Doctoral Thesis Defense by SFB 1313 Member Melanie Lipp

June 14, 2024 /

Dissertation: "Capturing local details in fluid-flow simulations: options, challenges and applications using marker-and-cell schemes" | 14 June 2024 | 2 pm CET

Melanie Lipp, a doctoral researcher at the Department of Hydromechanics and Modelling of Hydrosystems and SFB 1313 associate member (Internal Research Project I-07), will defend her dissertation:

Title: "Capturing local details in fluid-flow simulations: options, challenges and applications using marker-and-cell schemes"
Date:
14 June 2024
Time: 2 pm CET
Venue: Multi Media Lab (MML), U1.003, Pfaffenwaldring 61, 70569 Stuttgart, Campus Vaihingen.

Abstract

Complex local flow structures appear in a wide range of free-flow systems, e.g. vortices build after obstacles. For understanding and predicting numerous processes, it is important to capture local details in free fluid flow, which is the focus of this work. Particularly, we are interested in local flow structures in free flow coupled to porous-medium flow. A better resolution of local structures in free flow can be achieved by refining computational grids, which is studied in this thesis.
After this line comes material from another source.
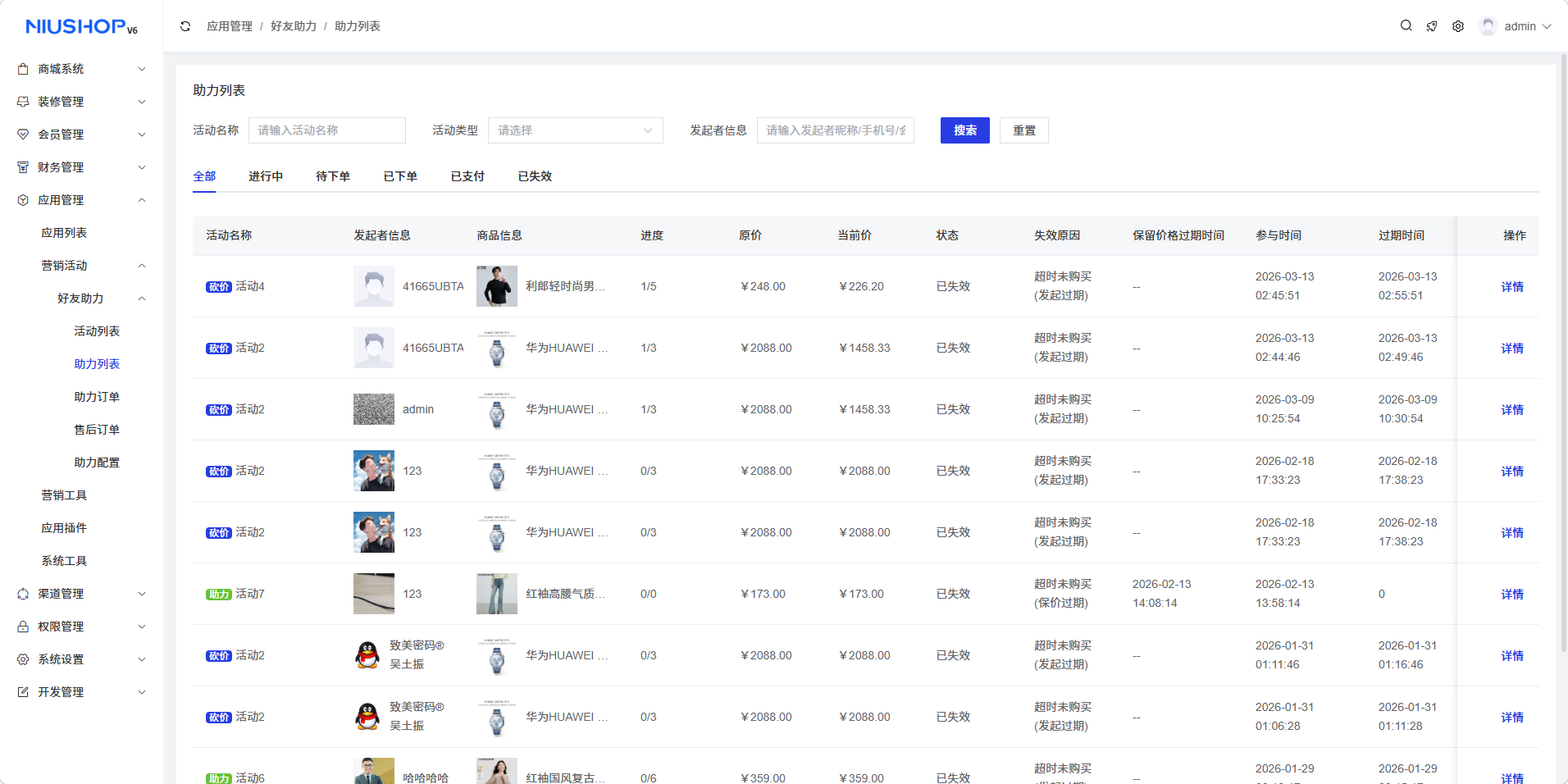 助力列表页面用于查看和管理所有用户发起的助力活动记录,支持搜索筛选、状态查看等功能。

Particularly, we focus on finite-volume/finite-difference methods for the two-dimensional Navier-Stokes equations with constant density and constant viscosity, using the marker-and-cell method (pressures in cell centers, velocities on cell faces) and rectangular control volumes.
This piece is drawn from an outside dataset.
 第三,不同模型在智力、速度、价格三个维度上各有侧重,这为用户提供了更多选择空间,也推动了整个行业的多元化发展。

There exists a variety of methods, with a range of characteristics, which can be used to refine computational grids.

The first objective of this work was to develop for many different available approaches one common way of description of a class of methods within our focus and to display their similarities and differences. The second objective was to gain insight and in-detail understanding of the local-refinement-methods' behavior by examining one chosen method before numerical solution, i.e. by examining local truncation errors. The third objective was to gain further understanding of the local-refinement-methods' behavior as well as display examples, in which the chosen method is beneficial when neglecting computational-efficiency issues, by examining our chosen method after numerical solution, i.e. by examining actual numerical solutions.